RPi use cases explained

Here is my take on this odd situation.  There are several needs and types of stakeholders in the Pi ecosystem:

• Conceptual need in EE.  Eben Upton has many times related the problems he experienced while doing student recruitment  at university, where each year's intake candidates were seemingly  less technically experienced than the last.  I can well believe that, because we saw exactly that same problem in my own engineering department, to the point where we had to provide catch-up courses to bring part of the student intake up to the level where they could  understand basic 1st-year EE lectures.  Making very cheap hardware available that encourages experimentation by inquisitive youngsters does seem to address part of the problem squarely by fostering interest and offering direct experience with hardware.  However, it doesn't address the gap in mathematics and foundational science skills.

• Improving IT education.  The UK has a specific problem in school-level IT education, in that over time it became nothing more than vocational training in office skills.  Clearly there is much room for improvement there, but this is almost entirely unrelated to the skills shortage observed in EE recruitment.  CompSci departments might benefit a little if programming were taught in schools, but not a lot because lack of programming skills is not the bottleneck,  Stronger maths skills would be vastly more useful than programming knowledge, and would help EE as much as every other branch of engineering and the physical sciences.  Also, programming is almost always vocational training with just a smidgeon of CompSci education acquired by osmosis on the side, and very rapidly becomes dated.  To compound matters further, a high-level language with a lot of abstraction would tend to be chosen for programming education, which means that pupils would tend to learn little about computer fundamentals unless they have an awesome teacher who explains the foundations along with the programming.

• Cheap media centre.  Don't laugh, this is a major stakeholder group for Pi.  What's more, RPF have always known this, because they have promoted the very strong media capability of the Broadcom SoC countless times in their blog.  They even went as far as to sell licensed codecs which are about as distant from educational as anything could be.  This area may well be getting the most development effort as well, which is reasonable since it plays to the Pi's biggest strength and makes a very large group of Pi users happy.

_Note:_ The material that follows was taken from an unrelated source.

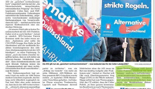 Auf lokaler Ebene wird sich für uns nichts ändern – in der Stadt- und Kommunalpolitik haben wir und werden wir nicht mit der AfD zusammenarbeiten. Eine Zusammenarbeit, selbst mit einer „Verdachtspartei“, verbietet sich – zumal sich die Celler Protagonisten der AfD bislang – auch nach Aufforderung – nicht ansatzweise von rechtsextremen, antisemitischen, fremden- und minderheitenfeindlichen Aussagen der Bundesebene distanziert haben.

• Platform for expansions.  It always did seem odd that the Foundation so often stressed the difficulty of reaching their $25/$35 price point, and yet created a board bearing proprietary MIPI DSI and CSI-2 connectors which raised the board cost and complicated PCB routing.  Even more odd is that these MIPI interfaces would not contribute significantly to the board's educational capabilities since USB cameras and displays with open interfaces were readily available at good prices.  The subsequent high investment by RPF in developing camera and display modules suggests that this was a planned business strategy from the start, and it explains why the extra connector cost was considered justified.  One possible view is that there is business advantage in creating a platform for which expansion modules could be produced using a proprietary interface spec that narrows the competition.  Whether or not that was the thinking, it is the current actuality since RPF has invested time and money in expansions and delivered product.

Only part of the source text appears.